#### Exercise directions
Every line of the listing below should come back exactly as written, with no images.

#### Supplied information
--- START ---
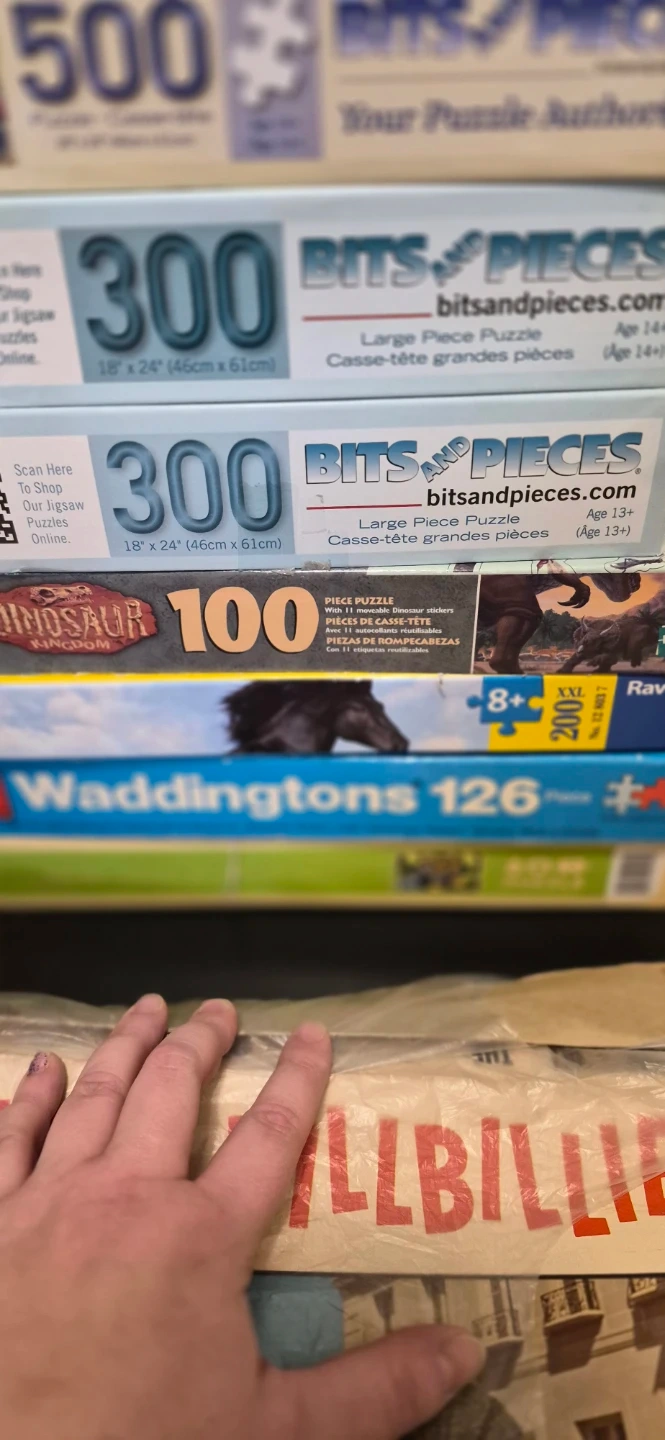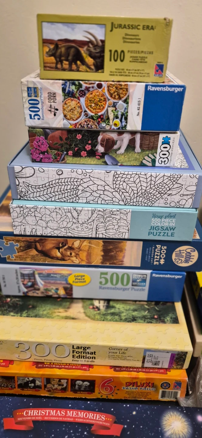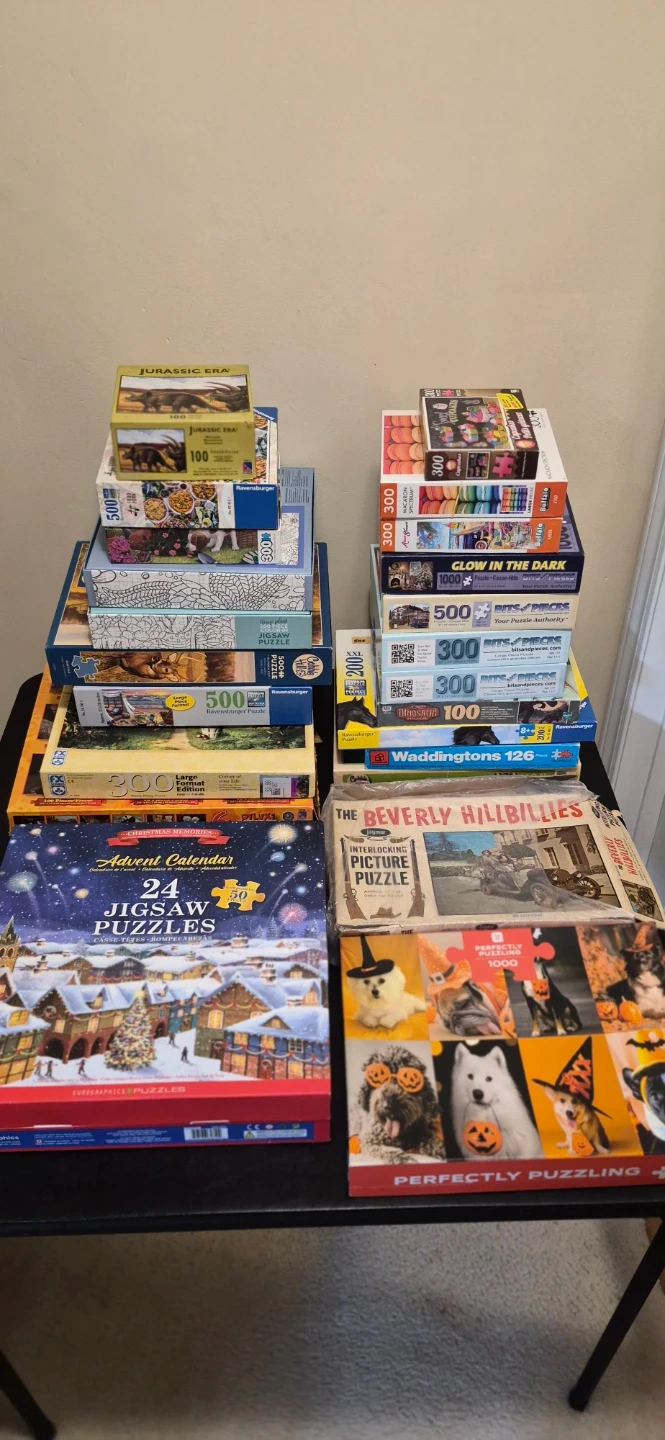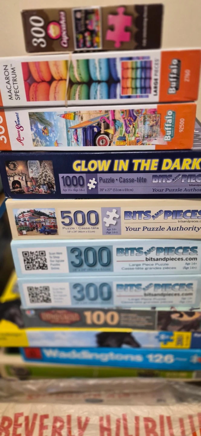 Selling a collection of puzzles! There are various piece counts, including 100, 300, 500, and 1000 piece puzzles from brands like Bits and Pieces and Ravensburger. Perfect for puzzle enthusiasts of all ages.
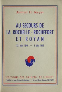 591.MEYER (Amiral H.). Au Secours de La Rochelle - Rochefort et Royan. (22 Août 1944 - 9 Mai 1945). Poitiers, Editions des Cahiers de l’Ouest, 1955. In-8, broché. 87-(3) pp. Carte à pleine page et illustrations dans le texte.Édition originale...
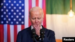 “Do dëgjoj”, u përgjigj Presidenti Biden kur u pyet nga një gazetar se çfarë do t’u thoshte partive politike të Irlandës së Veriut.
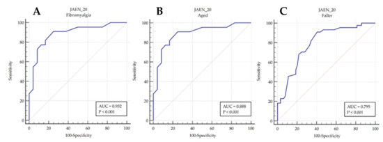 The ROC curve analysis showed that cut-off values of more than 21, 22, and 25 points in the 20-item JAEN screening tool were able to discriminate between healthy and older adults, fibromyalgia subjects, and fallers and non-fallers subjects, respectively. Predictive values and cut-off points are shown in Table 7.
--- END ---
#### Exercise result
 Selling a collection of puzzles! There are various piece counts, including 100, 300, 500, and 1000 piece puzzles from brands like Bits and Pieces and Ravensburger. Perfect for puzzle enthusiasts of all ages.
 591.MEYER (Amiral H.). Au Secours de La Rochelle - Rochefort et Royan. (22 Août 1944 - 9 Mai 1945). Poitiers, Editions des Cahiers de l’Ouest, 1955. In-8, broché. 87-(3) pp. Carte à pleine page et illustrations dans le texte.Édition originale...
 “Do dëgjoj”, u përgjigj Presidenti Biden kur u pyet nga një gazetar se çfarë do t’u thoshte partive politike të Irlandës së Veriut.
 The ROC curve analysis showed that cut-off values of more than 21, 22, and 25 points in the 20-item JAEN screening tool were able to discriminate between healthy and older adults, fibromyalgia subjects, and fallers and non-fallers subjects, respectively. Predictive values and cut-off points are shown in Table 7.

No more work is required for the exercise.